Not all of us in CUCA voted for Brexit.  We didn’t adopt an Association position, didn’t campaign, and – here’s the real tell – didn’t have a party for it.  We were as split as the Parliamentary Conservatives about whether or not it was a good idea.  But regardless of what we thought, 52% of the country voted to leave the European Union.  Things will change; whether or not they change in such a way that is maximally in our favour is the test for the winner of this election.  Only Theresa May has the experience and attitude to get the job of Brexit done clearly and absolutely.  She has accepted the referendum result, and now stands in a position to seize the opportunities: control over our own laws, border control, and trade deals with the rest of the world.  If it’s not May leading the negotiations, it’ll be Corbyn, who has already said he wouldn’t walk away if the deal is crap: he’s more or less told the EU negotiators that whatever dish of gruel they serve up, he’s committed to eat it.  And when he’s sitting across from EU negotiators who will be doing their best to fuck us over – make no mistake that the fluffy ‘European family’ bollocks will go right out of the window – Corbyn isn’t going to have his iPad on him to fact check.

Corbyn negotiates Brexit

The Brexit vote and a rising terror threat puts leadership right at the top of the list of election priorities.  More than ever, we need to trust the party leader – the next Prime Minister – and the people at the top to represent and protect our interests in overseas negotiations and at home.  Corbyn gives us some cause for concern here.  His record as a public figure and MP states a very clear message: that he’s not always on our side.  Corbyn has opposed anti-terror legislation and is proud of it; he has called Hamas and Hezbollah our ‘friends’.  His contempt for Israel is barely veiled, and his failure to root out anti-Semitism in Labour is a disgrace, illustrating either an inability to lead his party or a lack of will.  The Jewish community is one that looks at Corbyn and sees his intolerance for what it is: only 13% of British Jews intend to vote Labour at this election.  We have to look beyond Corbyn, though, to his top team: a snob, a Marxist and an innumerate terrorist-sympathising idiot.  It sounds like the start to a bad joke, and it could well be.
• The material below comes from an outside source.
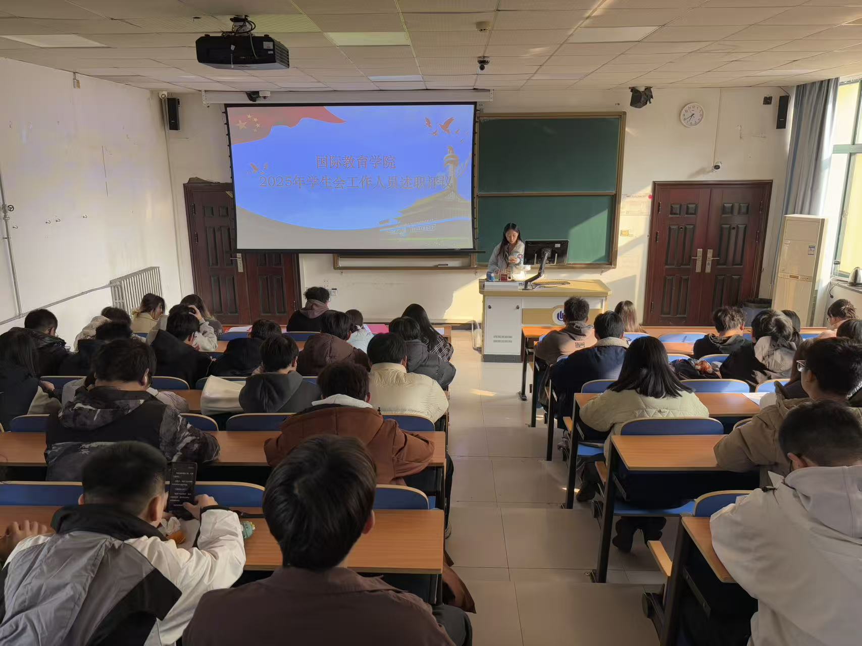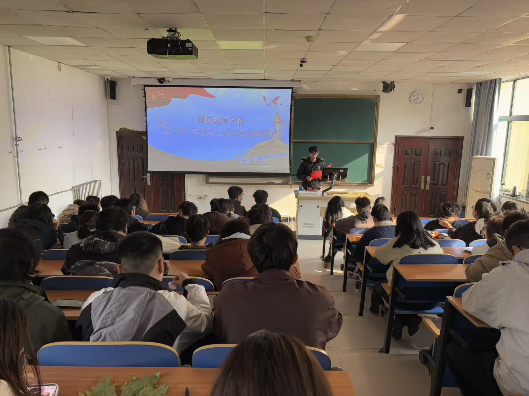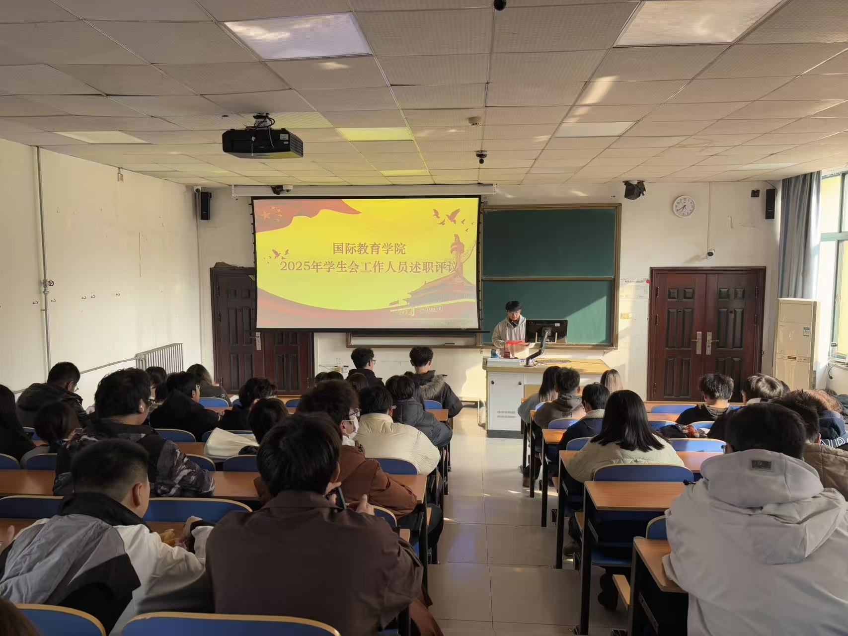 为推动学生会深化改革,切实提升服务同学的能力与水平,2025年12月18日,国际教育学院在教二楼229举办了学生会工作人员述职评议会。学院团委书记及各年级学生代表参加了本次评议会。

Proof that you can have a Cabinet without packing it full of terrorist sympathisers

We’re voting Conservative not because we always have or always will: this election is a rejection of politics being in the blood.  This time around, the choice is between a misguided fantasy and stability. Because in this election, character and leadership really matters. May is boring, robotic, and hasn’t run the best campaign, but she will get the job done.